У нацистов скучать не пришлось. Он быстро попал в штурмовики, в уличных столкновениях проявил себя как чрезвычайно рассудительный молодой человек, который использовал свои кулаки (и то, что было в них зажато) с почти художественным эффектом. Теперь жажда жизни Лаутербаха была удовлетворена: драться он мог почти каждое воскресенье – а иногда и по будням вечером. Но настоящим домом для Лаутербаха была контора. Здесь были коллеги, начальник, рабочие, фермеры: им всем он мог рассказывать о том, что произошло, что должно произойти; о праведниках и неправедных изливался вязкий медленный поток его речи, оживленный громогласным смехом, когда он описывал, как отделал советских прихвостней.
Сегодня он, конечно, не может рассказать ничего подобного, зато пришел новый общий приказ для каждого отряда, и теперь Пиннебергу, который появился ровно в восемь, он рапортует: у штурмовиков появились новые значки!

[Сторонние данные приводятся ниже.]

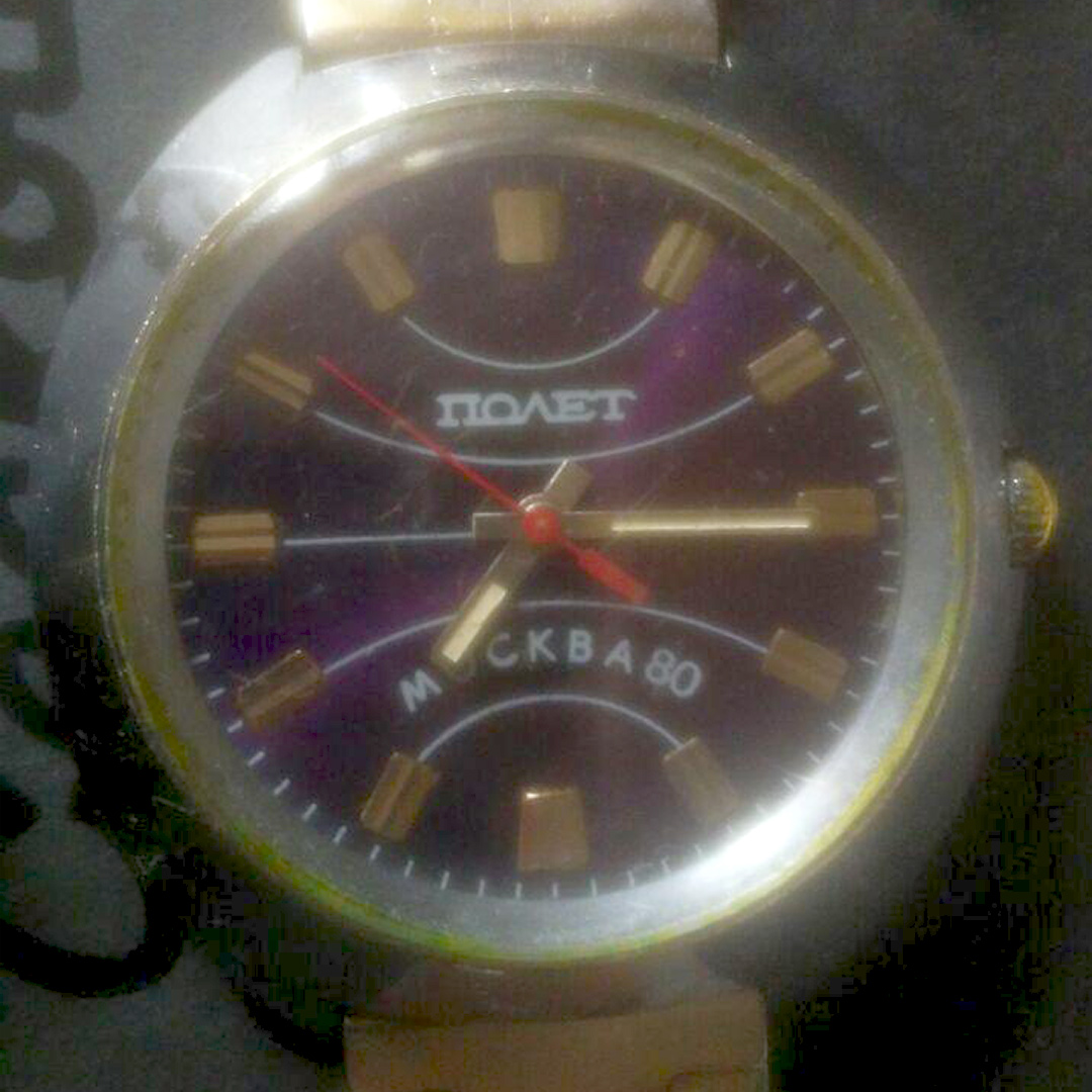 2) Полёт - Москва 80. Смущает что на корпусе нет выреза в виде кольца чуть ниже стекла, вроде бы в родном корпусе таких моделей он был - или это связанно с разными годами выпуска серий? Так же не ясно родная ли задняя крышка для данной модели с таким циферблатом, на ней изображен знак качества. А там где механизм вместо довольно часто встречающегося пластмассового кольца держателя механизма стоит металлическое.

– Это просто гениально! До сих пор у нас был только номер штурма. Знаешь, Пиннеберг, арабская вышитая цифра на правом погоне. Теперь у нас еще появилась двухцветная шнуровка на крае воротника. Это гениально, теперь можно всегда сзади увидеть, к какому штурму принадлежит каждый из нас. Представь себе, что это значит на практике! Так вот, мы находимся в драке, и я вижу, что кто-то кого-то прижал, и я смотрю на воротник…
– Здорово, – подхватывает Пиннеберг и сортирует грузовые накладные с субботнего вечера. – А вот Мюнхен 387 536 – это была сборная партия?
– Вагон с пшеницей? Да. И представь себе, наш командир отряда теперь носит звезду на левом погоне.
– Что значит «командир отряда»? – спрашивает Пиннеберг.
Приходит Шульц, третий голодранец, он появляется в десять минут девятого. Шульц приходит, и в одно мгновение оказываются забыты и нацистские значки, и накладные на пшеницу. Шульц приходит – демонический, гениальный, но ненадежный Шульц, который может вычислить 285,63 центнера по 3,85 марки в уме быстрее, чем Пиннеберг запишет это на бумаге. Он был при этом ловеласом и беззаботным развратником, волокитой и единственным мужчиной, которому удалось поцеловать Марию Кляйнхольц, так сказать, мимоходом, благодаря щедрости своей натуры, но при этом на ней не женившимся.
Шульц приходит с черными завитыми волосами над желтым морщинистым лицом, с черными большими блестящими глазами. Шульц всегда элегантный, в отутюженных брюках и в черной фетровой шляпе (пятьдесят сантиметров в диаметре), Шульц с толстыми кольцами на пальцах, желтых от табака, Шульц – король сердец всех служанок, кумир продавщиц, которые ждут его вечером перед магазином, соперничая за каждую возможность потанцевать с ним.
Шульц приходит.
Он говорит:
– Доброе утро.
Аккуратно вешает свою одежду на вешалку, смотрит на коллег оценивающе, затем с сочувствием, потом с презрением и говорит:
– Ну что ж, вы, конечно, опять ничего не знаете!
– Какую девчонку ты вчера снова завоевал? – спрашивает Лаутербах.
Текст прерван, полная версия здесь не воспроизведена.